Secondly, subsetting the Milo object on the rows, subsets on the genes, not the cells.

sepehrgolriz commented 2 weeks ago

First of all, thanks a lot for your kind help.

Despite the changes I did in the code, I am still getting the same error:

Here is the changes:

traj_milo <- buildGraph(traj_milo, k = 40, d = 40) # Increased k Constructing kNN graph with k:40 traj_milo <- makeNhoods(traj_milo, prop = 0.12, k = 40, d = 40, refined = TRUE, refinement_scheme = "graph") Checking valid object Running refined sampling with graph traj_milo <- countCells(traj_milo, meta.data = data.frame(colData(traj_milo)), samples = "orig.ident") Checking meta.data validity Counting cells in neighbourhoods plotNhoodSizeHist(traj_milo) image

Check the median neighborhood size

median_nhood_size <- median(colSums(nhoods(traj_milo))) print(paste("Median neighborhood size:", median_nhood_size)) [1] "Median neighborhood size: 106"

traj_milo <- buildNhoodGraph(traj_milo) Error in if (any(i < 0L)) { : missing value where TRUE/FALSE needed In addition: Warning message: In int2i(as.integer(i), n) : NAs introduced by coercion to integer range

Any chance to have more of your kind help?

Thanks a in advance.

MikeDMorgan commented 2 weeks ago

Can you run the following code without error:

nh_intersect_mat <- miloR:::.build_nhood_adjacency(nhoods(traj_milo))
sepehrgolriz commented 2 weeks ago

Unfortunately no!

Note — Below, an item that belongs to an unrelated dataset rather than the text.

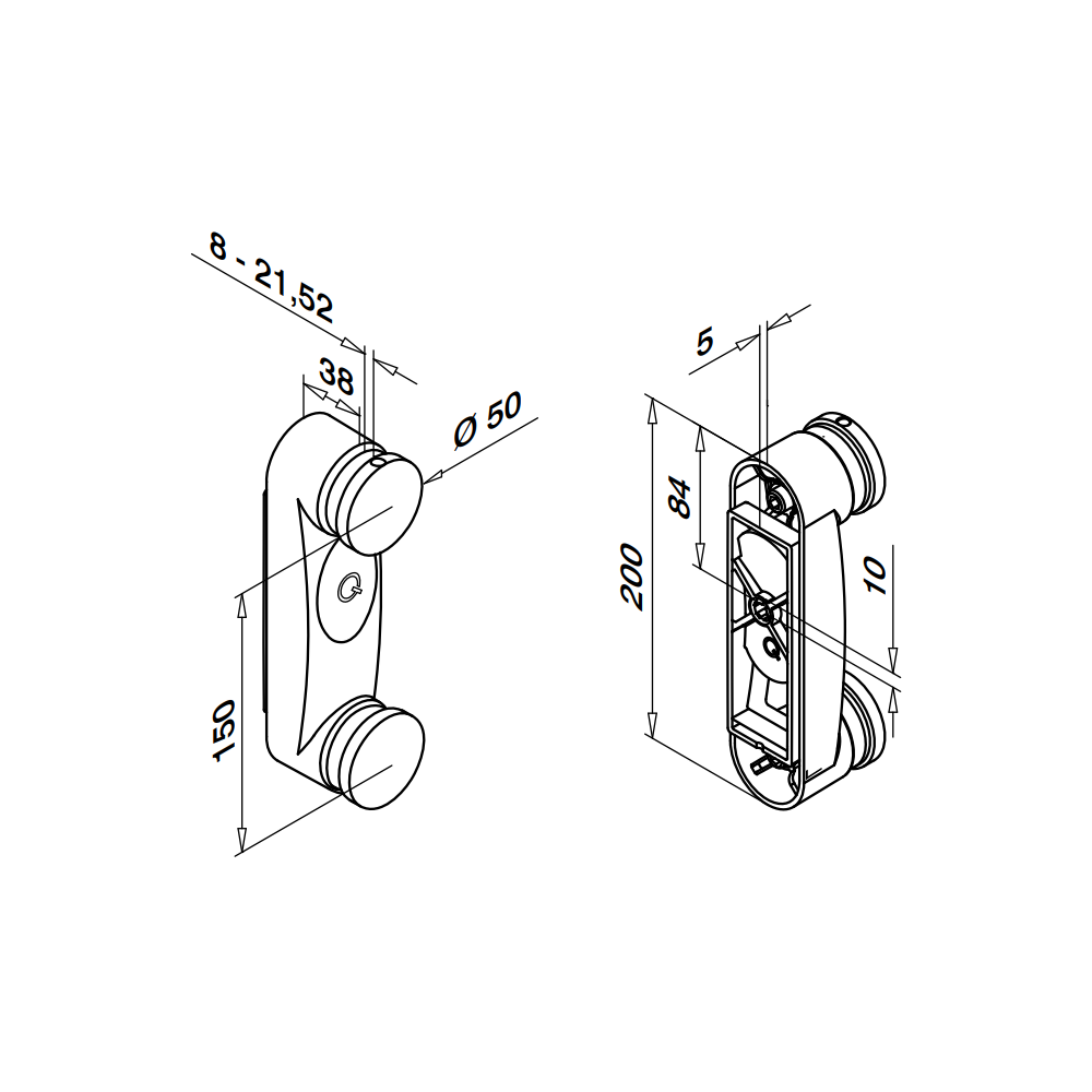 Q-Railing - adattatore per vetro con base piatta Easy Glass MOD 0766

Got the same error as before:

nh_intersect_mat <- miloR:::.build_nhood_adjacency(nhoods(traj_milo))

Error in if (any(i < 0L)) { : missing value where TRUE/FALSE needed In addition: Warning message: In int2i(as.integer(i), n) : NAs introduced by coercion to integer range

sepehrgolriz commented 1 week ago

Dear Mike, I was wondering if I can have more of your kind help?!

Thanks a lot in advance.

MikeDMorgan commented 1 day ago

How many nhoods do you have in this object, and what is the provenance of the data?